▶ RECORDED DATA:
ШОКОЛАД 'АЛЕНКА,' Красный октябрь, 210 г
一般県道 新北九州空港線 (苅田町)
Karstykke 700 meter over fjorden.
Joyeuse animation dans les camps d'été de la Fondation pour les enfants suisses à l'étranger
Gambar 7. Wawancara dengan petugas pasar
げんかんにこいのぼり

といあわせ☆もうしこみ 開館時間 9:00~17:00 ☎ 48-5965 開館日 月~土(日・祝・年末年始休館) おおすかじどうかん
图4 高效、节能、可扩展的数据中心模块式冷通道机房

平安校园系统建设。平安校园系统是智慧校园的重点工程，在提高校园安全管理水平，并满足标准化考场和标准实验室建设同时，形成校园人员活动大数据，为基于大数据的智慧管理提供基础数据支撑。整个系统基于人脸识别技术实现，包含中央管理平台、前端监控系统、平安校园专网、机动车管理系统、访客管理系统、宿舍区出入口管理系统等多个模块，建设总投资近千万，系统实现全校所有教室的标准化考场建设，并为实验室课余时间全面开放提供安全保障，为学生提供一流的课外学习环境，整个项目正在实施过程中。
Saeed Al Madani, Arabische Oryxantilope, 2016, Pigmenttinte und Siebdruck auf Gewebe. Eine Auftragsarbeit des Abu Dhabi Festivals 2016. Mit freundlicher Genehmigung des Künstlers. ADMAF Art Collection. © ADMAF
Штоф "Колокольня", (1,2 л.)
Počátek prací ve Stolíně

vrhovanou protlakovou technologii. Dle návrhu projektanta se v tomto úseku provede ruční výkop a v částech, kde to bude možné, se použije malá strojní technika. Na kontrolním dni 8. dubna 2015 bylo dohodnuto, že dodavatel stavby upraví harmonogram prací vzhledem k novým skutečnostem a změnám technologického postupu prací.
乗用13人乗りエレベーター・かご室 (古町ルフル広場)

---

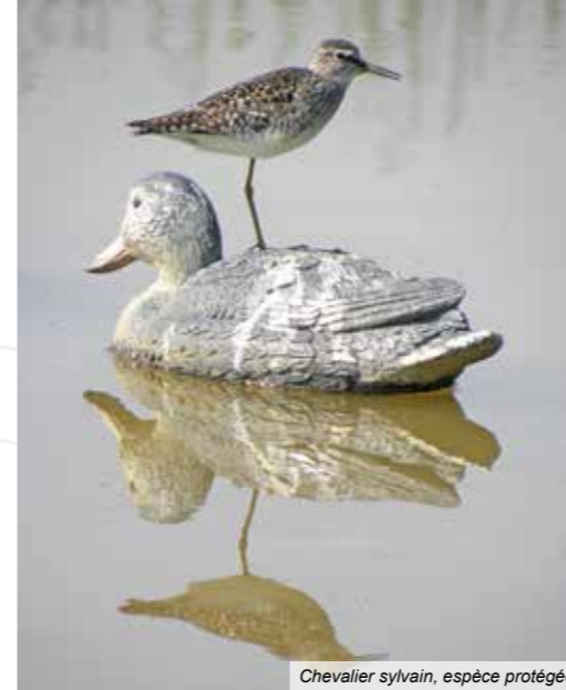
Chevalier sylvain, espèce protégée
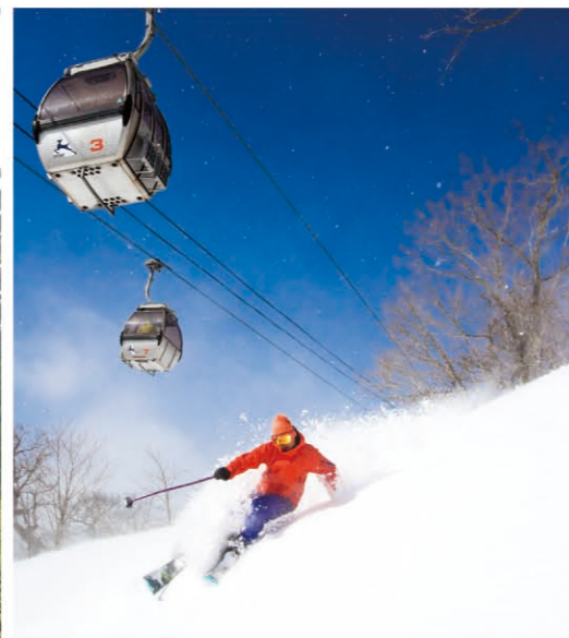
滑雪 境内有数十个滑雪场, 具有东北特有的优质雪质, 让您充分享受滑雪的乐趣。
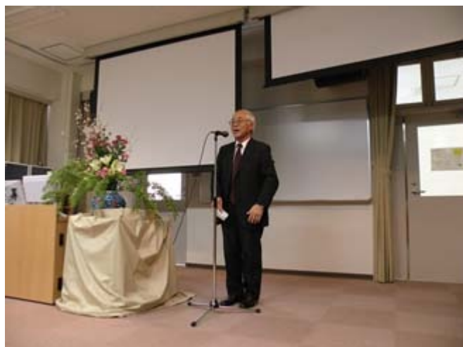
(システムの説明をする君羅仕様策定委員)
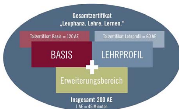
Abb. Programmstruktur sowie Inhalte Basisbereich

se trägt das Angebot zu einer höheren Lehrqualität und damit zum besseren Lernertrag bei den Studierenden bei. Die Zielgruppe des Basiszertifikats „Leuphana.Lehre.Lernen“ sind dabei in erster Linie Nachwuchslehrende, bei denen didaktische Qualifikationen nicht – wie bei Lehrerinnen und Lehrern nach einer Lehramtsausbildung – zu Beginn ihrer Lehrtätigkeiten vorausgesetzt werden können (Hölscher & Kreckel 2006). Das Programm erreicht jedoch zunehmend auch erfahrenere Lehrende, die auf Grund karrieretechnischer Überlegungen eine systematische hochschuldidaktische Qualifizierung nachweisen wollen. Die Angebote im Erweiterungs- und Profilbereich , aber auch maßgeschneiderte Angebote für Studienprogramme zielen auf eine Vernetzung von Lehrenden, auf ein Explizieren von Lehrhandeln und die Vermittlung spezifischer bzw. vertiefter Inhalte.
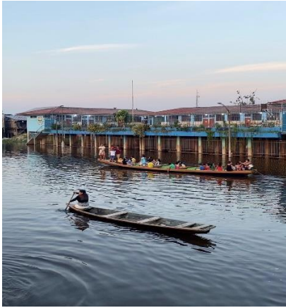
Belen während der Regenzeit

---

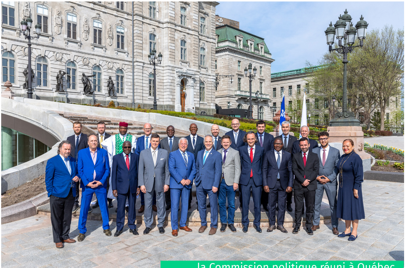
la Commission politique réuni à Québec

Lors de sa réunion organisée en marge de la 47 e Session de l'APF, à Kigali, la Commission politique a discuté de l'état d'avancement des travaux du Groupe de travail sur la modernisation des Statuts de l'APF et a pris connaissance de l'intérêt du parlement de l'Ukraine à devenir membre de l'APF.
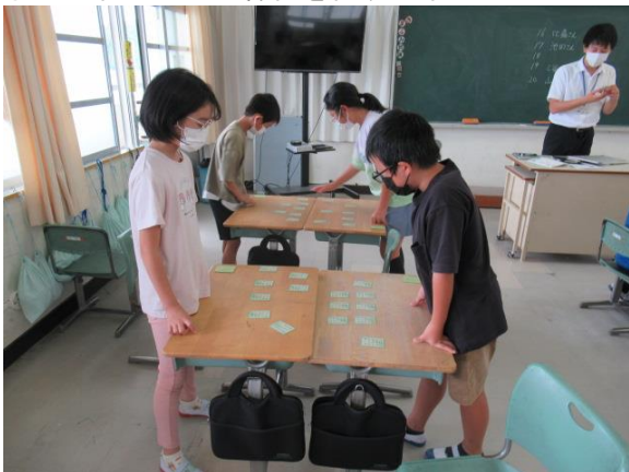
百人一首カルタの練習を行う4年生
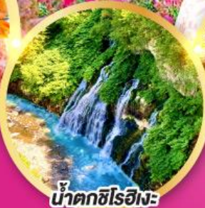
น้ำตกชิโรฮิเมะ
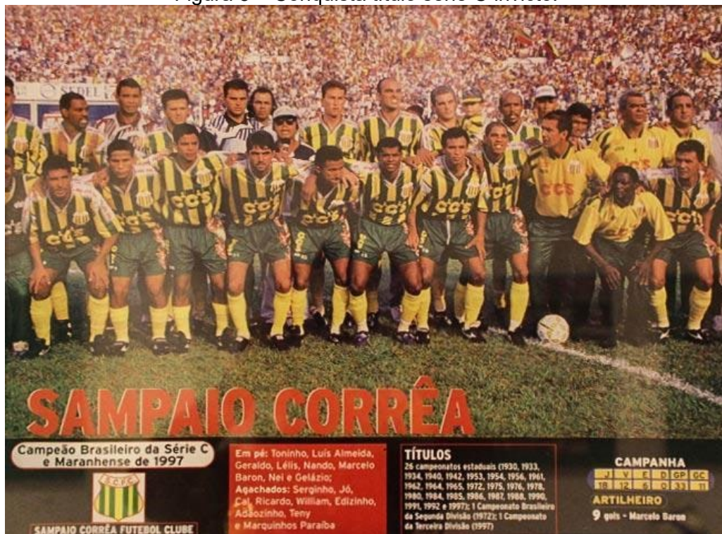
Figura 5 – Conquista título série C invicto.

▶ INSTRUCTIONS FOR THE TASK: Extract from the records above the lines from the one containing "ШОКОЛАД 'АЛЕНКА,' Красный октябрь, 210 г" to the one containing "图4 高效、节能、可扩展的数据中心模块式冷通道机房", both lines included, exactly as they appear and with nothing else.

▶ TASK ANSWER:
ШОКОЛАД 'АЛЕНКА,' Красный октябрь, 210 г
一般県道 新北九州空港線 (苅田町)
Karstykke 700 meter over fjorden.
Joyeuse animation dans les camps d'été de la Fondation pour les enfants suisses à l'étranger
Gambar 7. Wawancara dengan petugas pasar
げんかんにこいのぼり

といあわせ☆もうしこみ 開館時間 9:00~17:00 ☎ 48-5965 開館日 月~土(日・祝・年末年始休館) おおすかじどうかん
图4 高效、节能、可扩展的数据中心模块式冷通道机房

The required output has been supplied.